US refiners have more than enough capacity to process the growing volumes of light, sweet crude oil that will be produced in the next few years, a survey commissioned by the American Fuel & Petrochemical Manufacturers found.

US refiners have more than enough capacity to process the growing volumes of light, sweet crude oil that will be produced in the next few years, a survey commissioned by the American Fuel & Petrochemical Manufacturers found.

“With the results of today’s survey, we know without a doubt that our refiners are ready and able to process the increasing US supply of light, sweet crude,” AFPM Pres.
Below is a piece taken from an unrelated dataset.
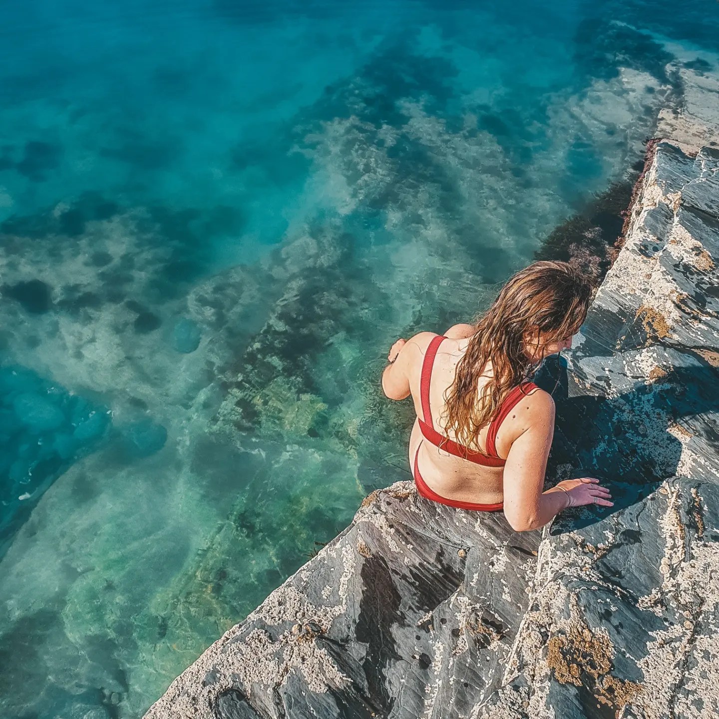 There are lots of little caves to explore, with my favourite being nestled at the South West Tip, just before Porth Island. Within the opening archway, there are two small dipping pools and beautiful views out to sea.

Charles T. Drevna said as the survey’s results were released on Mar. 18.

Varis Consulting conducted the survey in November and December in which 23 companies voluntarily provided information on 69 refineries, representing 61% of total 2014 US processing capacity in 2014. The highest response came from the Gulf Coast, East Coast, and Midwest regions where much of the new production is being used, it said.

Respondents said they planned to run an additional 730,000 b/d of very light crude in 2016 than they did in 2014. With more favorable access and economics, they have the capability to run an additional 800,000 b/d of the new crude oil—for a total of 1.5 million b/d—in 2016 than what they ran in 2014, they indicated.

“Respondents will achieve their plans to increase use of this new crude production by continuing to reduce imported light and medium quality crude oils and by investing to better utilize this domestic resource,” the survey said.

It said that with nearly 40% of total US refining capacity unrepresented in the findings, total US oil industry plans to increase light crude production, as well as physical capacity to process more of it, represents even larger potential volumes.

“Inadequate delivery infrastructure has delayed US refinery access to the new production, but significant changes and expansion in this infrastructure have and will continue to occur,” the survey said.

“The domestic energy renaissance is boosting our economy and benefiting our national security and our refining industry—the world’s largest and most advanced—which is fully capable of handling this production growth,” Drevna maintained.